Our April morning peace was ripped—
A boom and then the dark. What now?
Outside the squirrels began to mourn.
We know how lightning strikes have clipped
These trees, blazed black trails to burn
Down mountain houses. Anyhow
This was no bolt, but just a tripped

Transformer. Our whole world shook.
Out back, years of briar and vine
Have overtaken junked rolled fence
And coiled barb wire that overtook
The last pole planted here since
Georgia Power stamped the sign
Listing its history. Let’s have a look.
Lengths, years, and tree type: “Ches’n’t.

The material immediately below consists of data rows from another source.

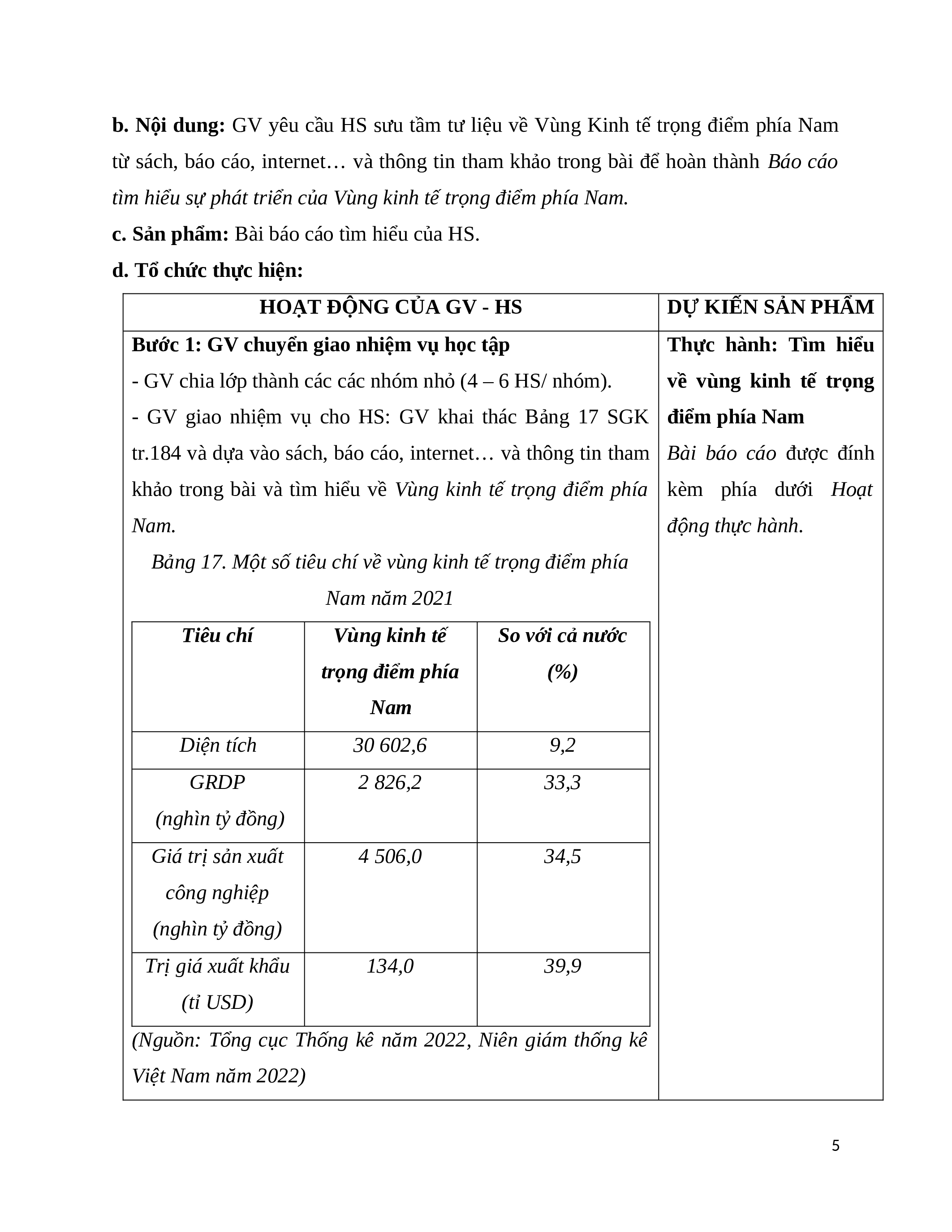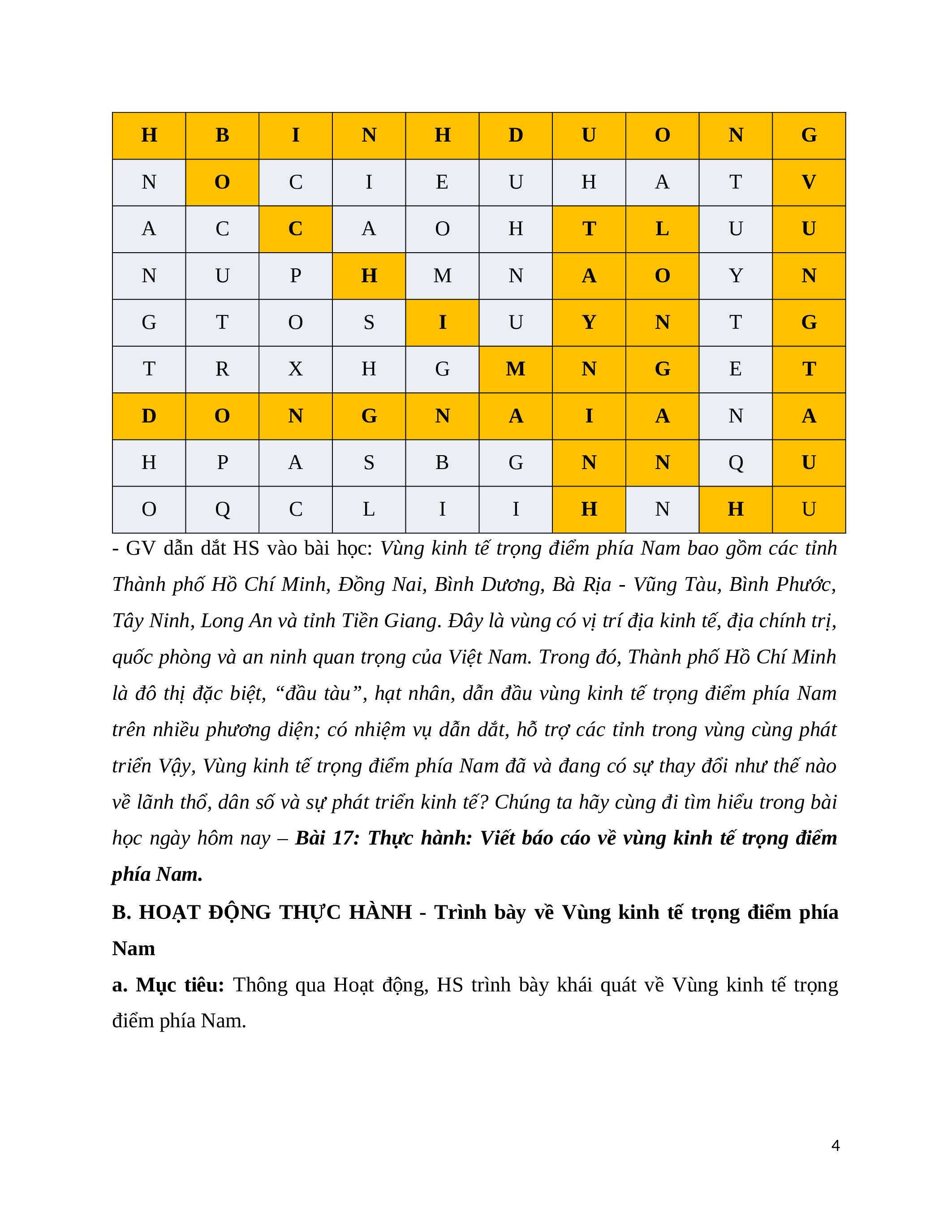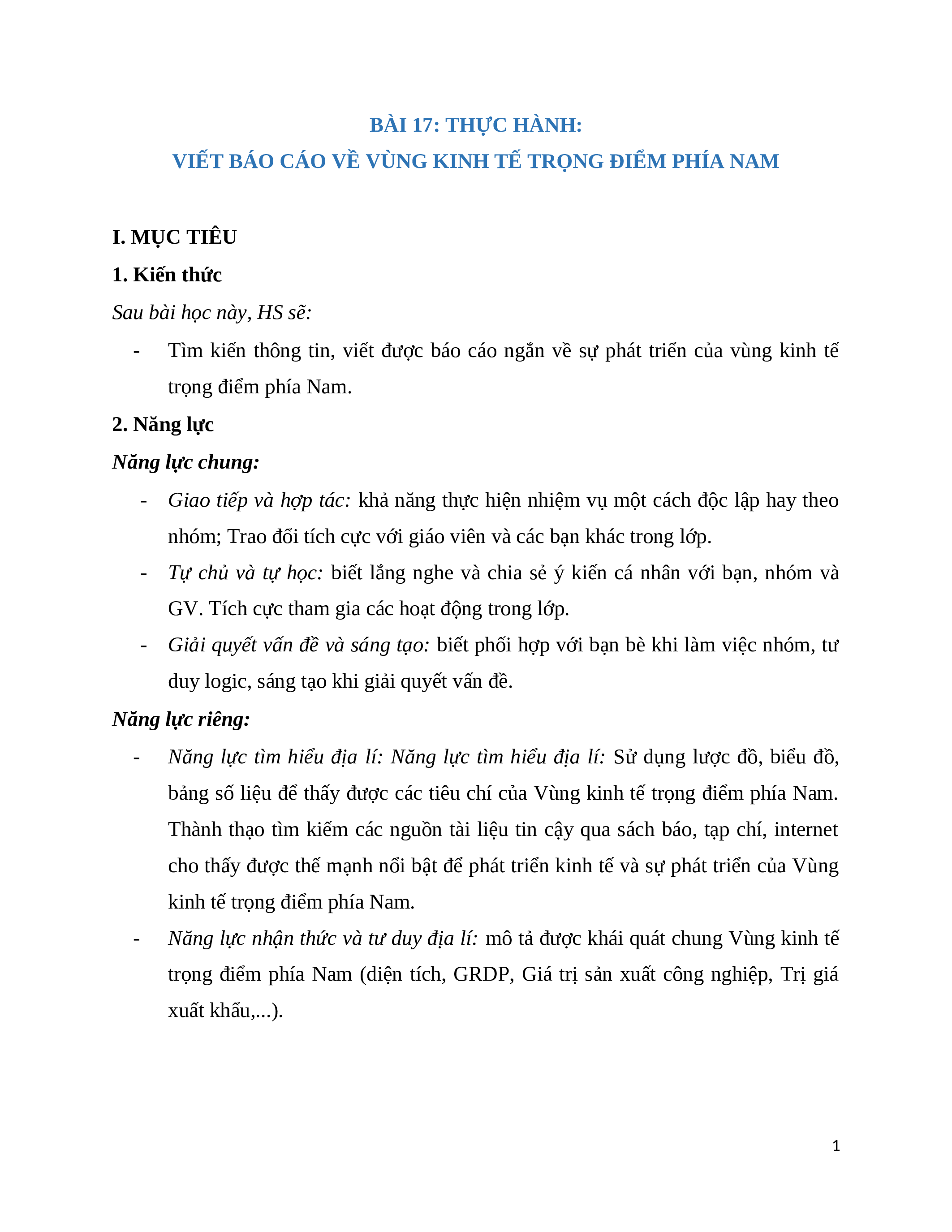 VIẾT BÁO CÁO VỀ VÙNG KINH TẾ TRỌNG ĐIỂM PHÍA NAM I. MỤC TIÊU 1. Kiến thức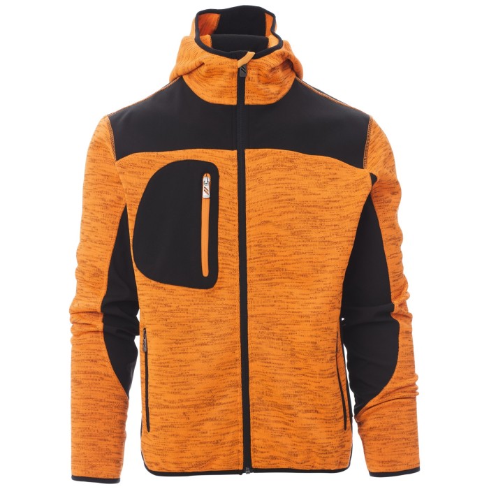 KURTKA SOFTSHELL Z KAPTUREM TRIP - POMARAŃCZOWY FLUO-CZARNY
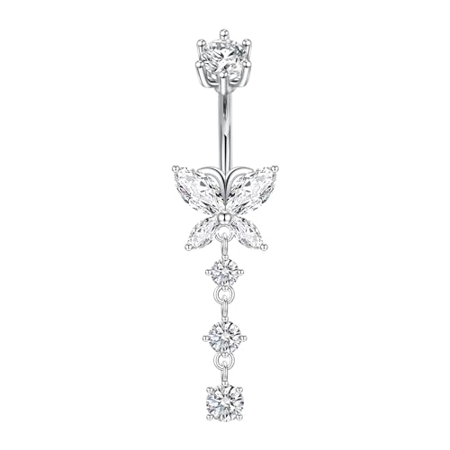 CIZME 925 Sterling Silver Belly Bar 14G 8mm Navel Barbell Belly Button Bar Ring with Butterfly dangle CZ Piercing Jewellery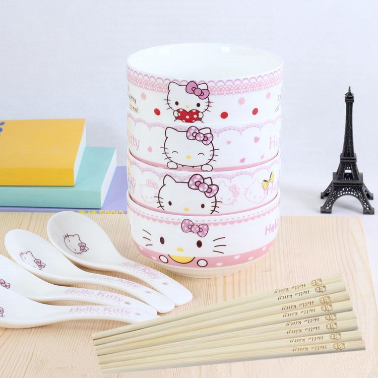 New Products Creativity Cartoon Cute Spoon Dish Ceramic Bowl Cutlery Rice Bowl Suit 18 pieces for home students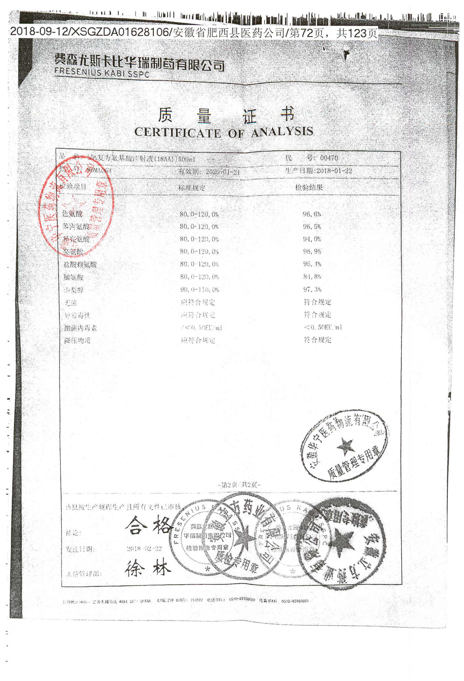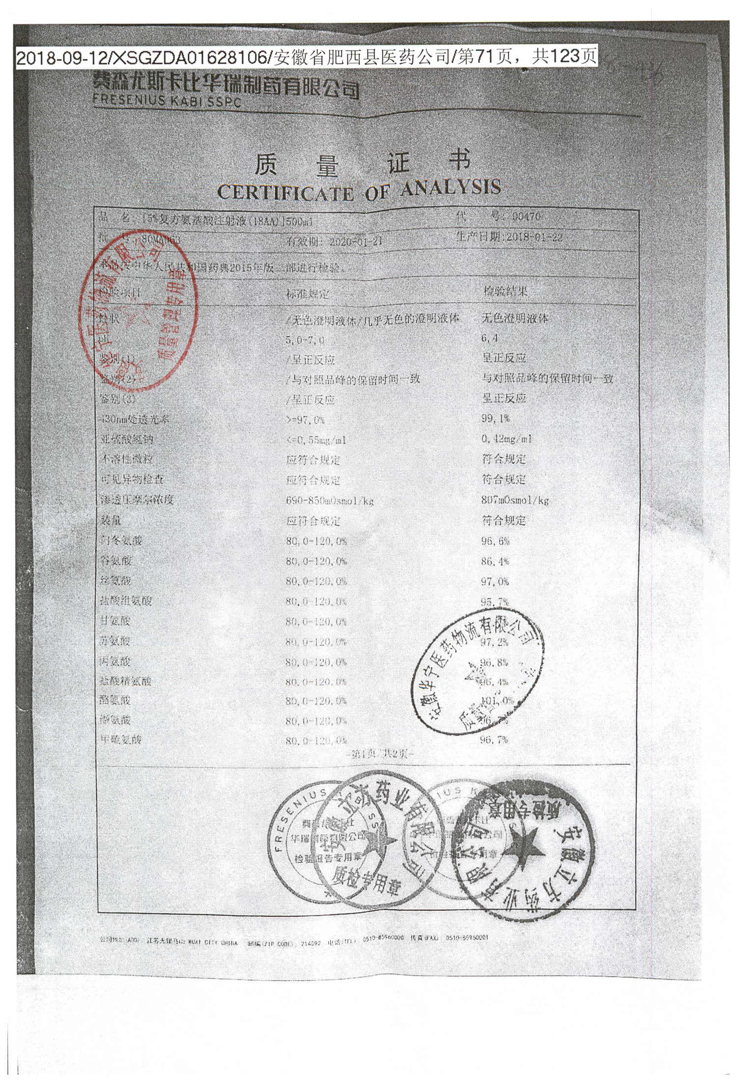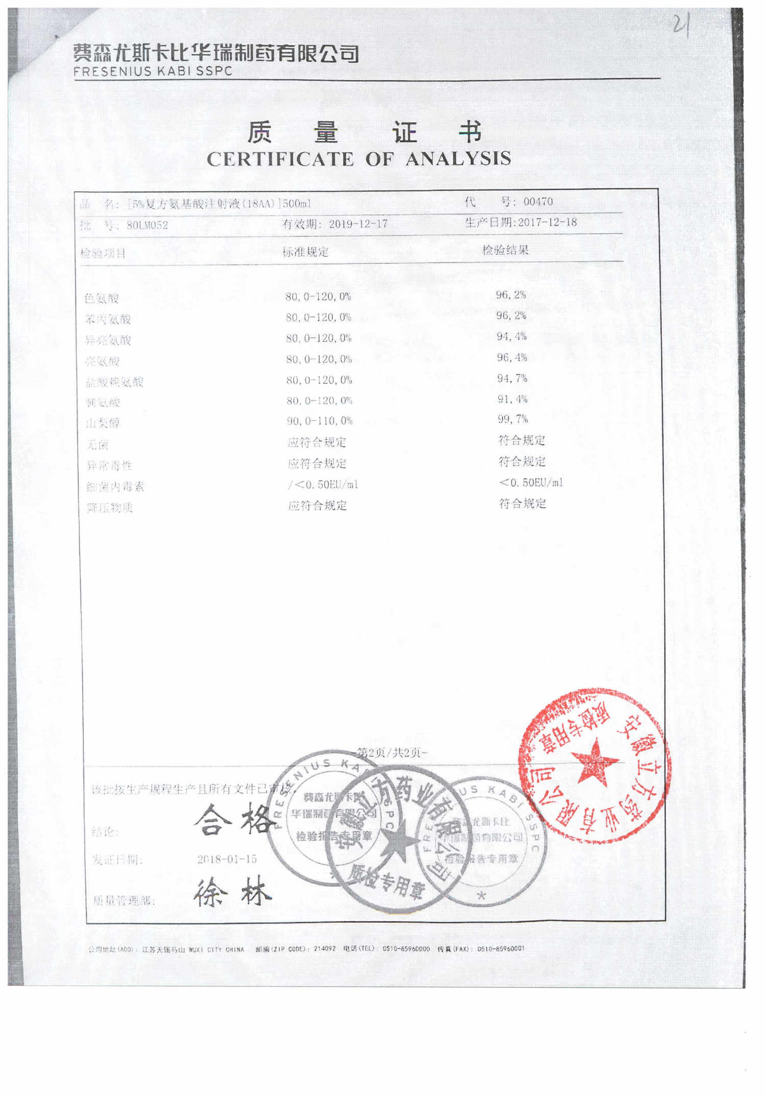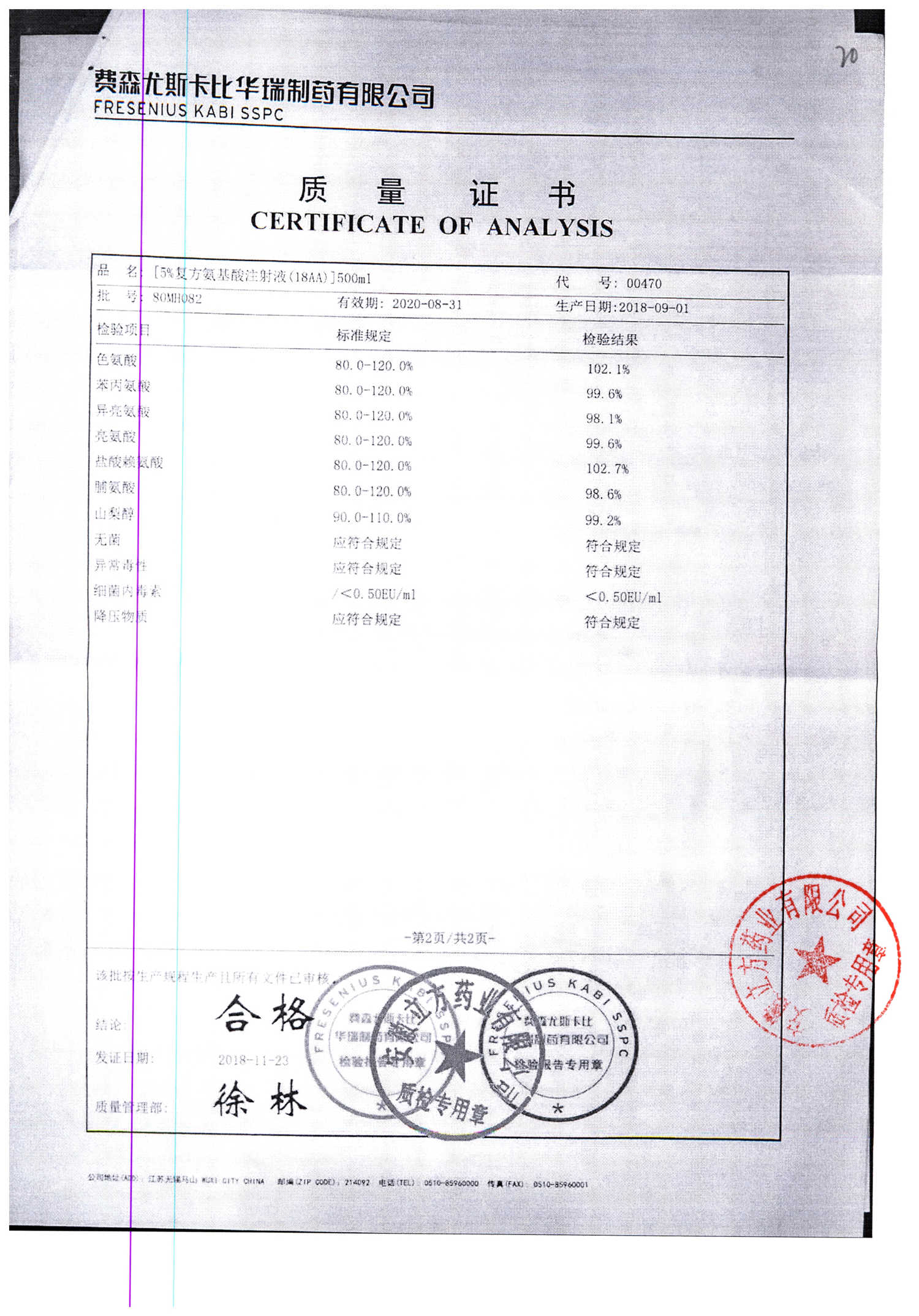 5%复方氨基酸注射液(18AA) | 500ml | 80LM052(2/2) | 查看详情 |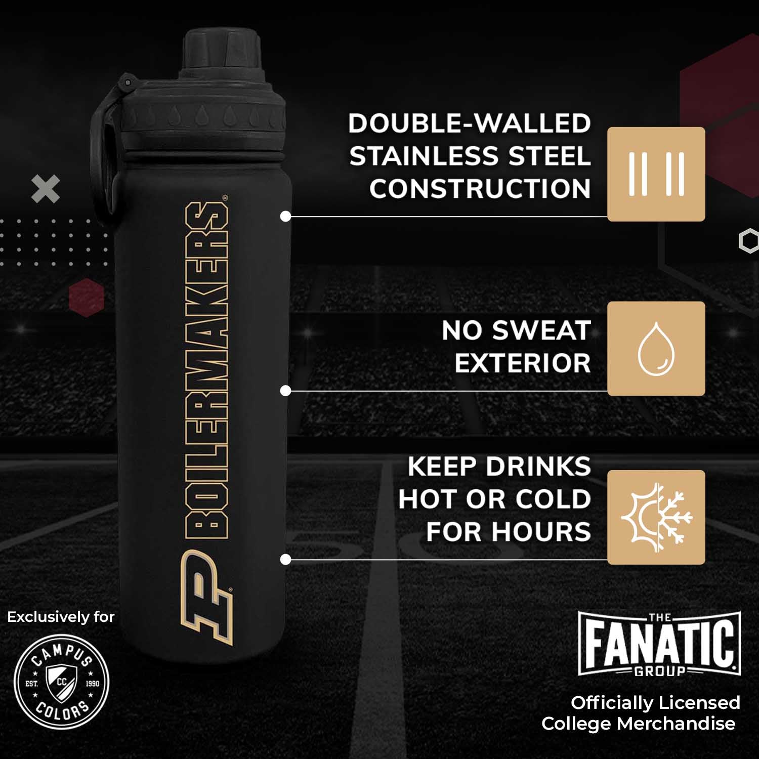 Purdue Boilermakers NCAA Stainless Steel Water Bottle - Black

Cypress. Cedar. Pine,” painted
With creosote ninety-five
Years ago, this pole shouldn’t
Have been here that long, a live
Wire going where? Unacquainted
With our house, which was not
Here for another forty years?
The creosote has oozed like grief
To blacken the pinewood pole’s base.
This wasn’t lightning strike, but tears
For trees skinned, for nights, days,
Waiting to shed light. So this brief
Darkness, like a comma, appears
To remind us of how we fail
To honor roots and wild grape vines
That grow so slow on trees they seem
Like dropped cables, and steel barbs pale
Copies of cat briar. The man from the team
Stays on the ground, looks up and finds—
The pole has grown a stilled gray tail.